• DATA EXCERPT:
++++++

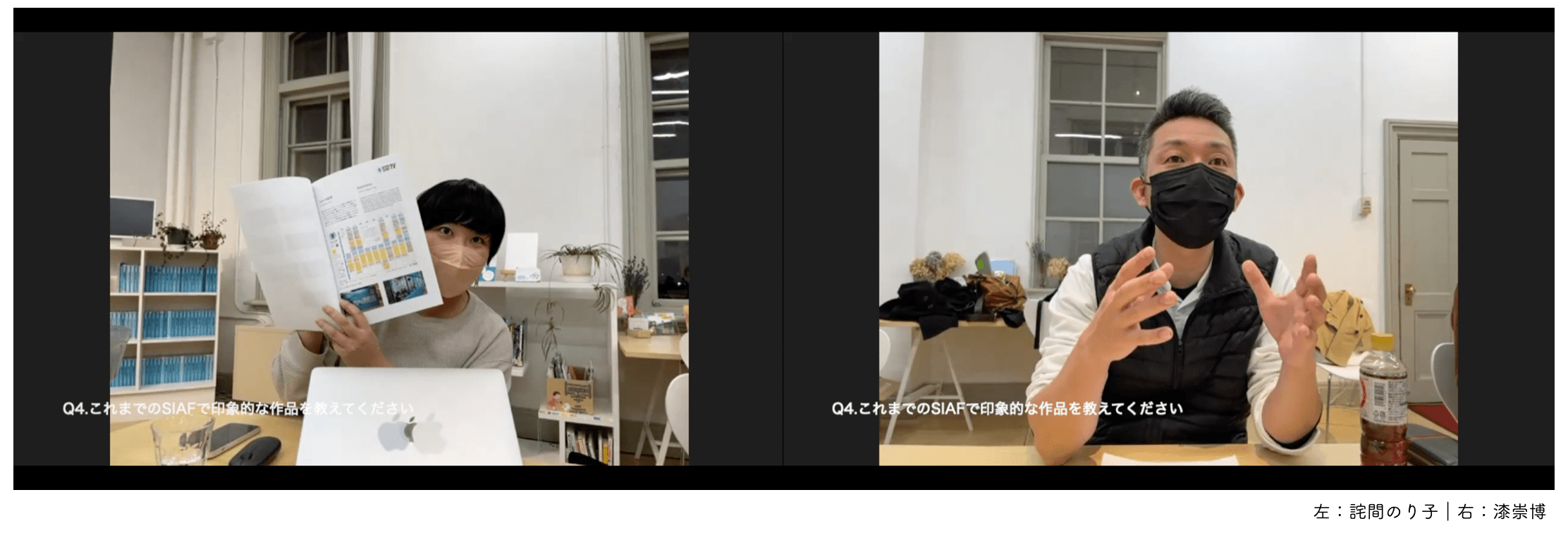 さらに、漆さんは「(小川さんは)ビジョンを強く提示するタイプなので、そこに芸術祭の内容を近づけていけるようにしたい」と今後への思いをお話してくれました。いよいよ来年度に迫る次回のSIAFへ期待が膨らみます…!
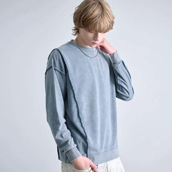 Revo. レヴォ ケミカルウォッシュ切替スウェット CVC 裏毛 クルーネックスウェット トレーナー ツギハギ ヴィンテージ感 かっこいい 古着リメイク風 ルーズ 長袖
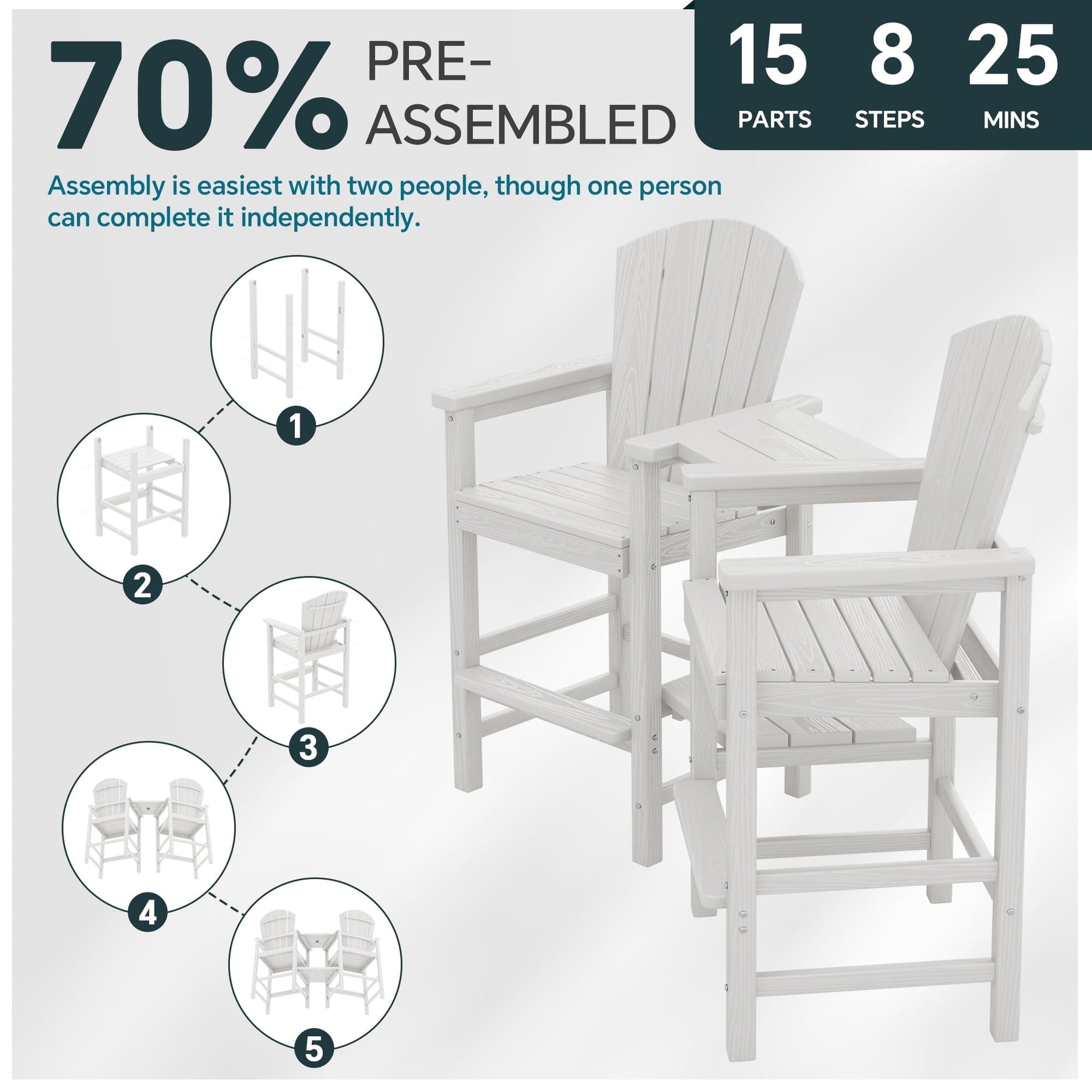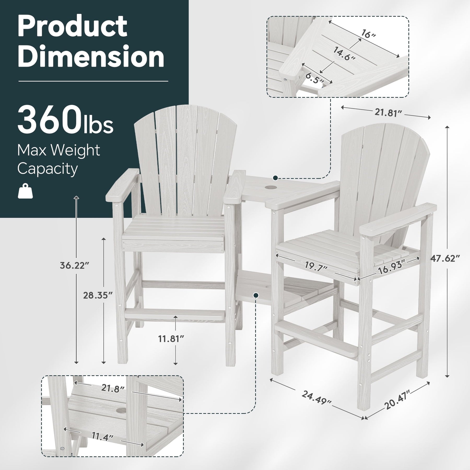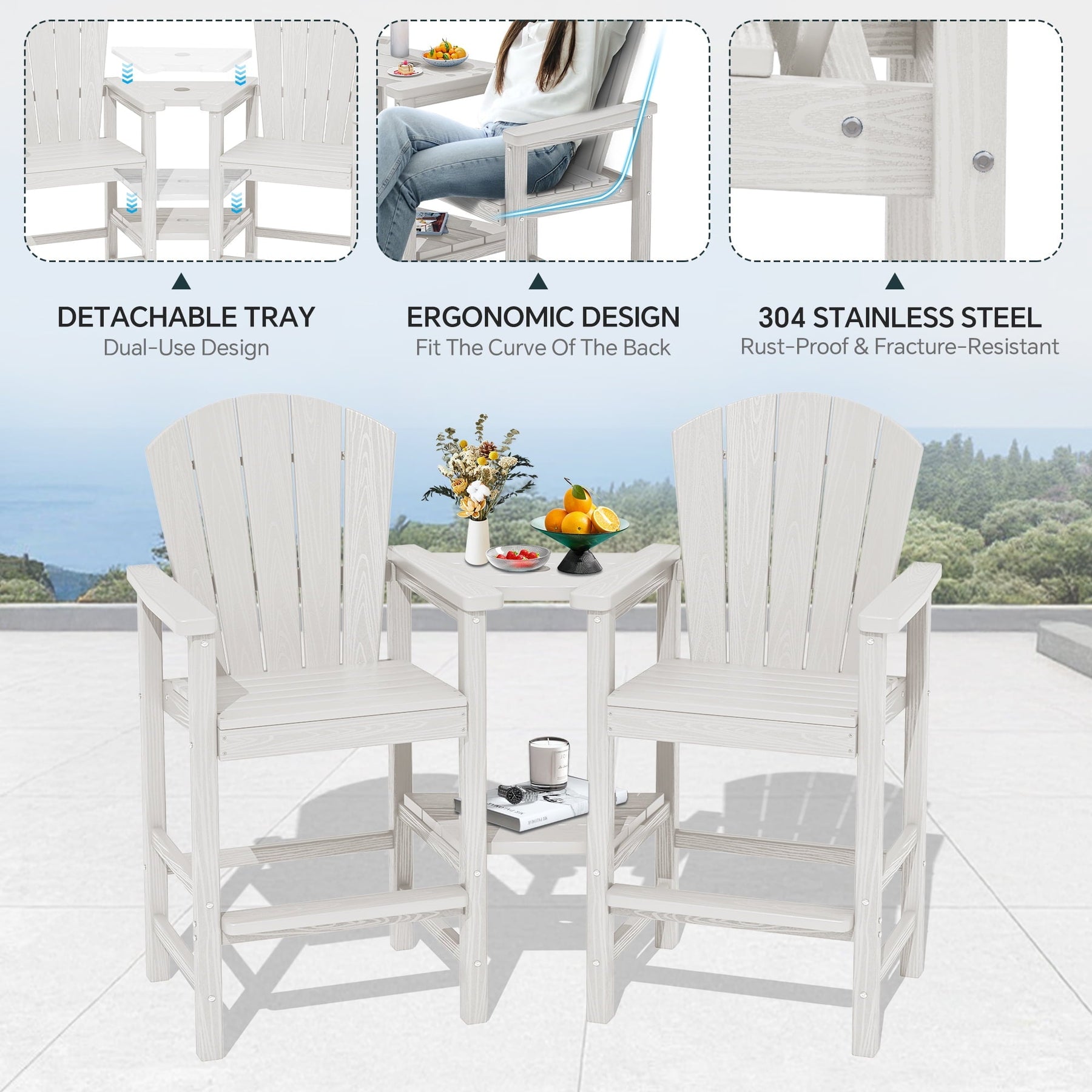SERWALL Tall Adirondack Chairs are designed for ultimate relaxation, blending timeless charm with modern durability. Crafted from high-density polyethylene (HDPE) and secured with 304 stainless steel hardware, these chairs offer exceptional sturdiness and resilience. Engineered to withstand harsh weather conditions, they resist fading under intense sun exposure and won't rust during heavy rains. Enjoy year-round comfort without the maintenance hassles of traditional wood furniture.The widened seat and 15 degree reclined backrest feature an ergonomic design that elevates your comfort to new heights.

++++++

Nothing should be printed except the lines from the one with "Revo. レヴォ ケミカルウォッシュ切替スウェット" through the last line of the listing above, both ends included; please drop the pictures.

• RESPONSE:
 Revo. レヴォ ケミカルウォッシュ切替スウェット CVC 裏毛 クルーネックスウェット トレーナー ツギハギ ヴィンテージ感 かっこいい 古着リメイク風 ルーズ 長袖
SERWALL Tall Adirondack Chairs are designed for ultimate relaxation, blending timeless charm with modern durability. Crafted from high-density polyethylene (HDPE) and secured with 304 stainless steel hardware, these chairs offer exceptional sturdiness and resilience. Engineered to withstand harsh weather conditions, they resist fading under intense sun exposure and won't rust during heavy rains. Enjoy year-round comfort without the maintenance hassles of traditional wood furniture.The widened seat and 15 degree reclined backrest feature an ergonomic design that elevates your comfort to new heights.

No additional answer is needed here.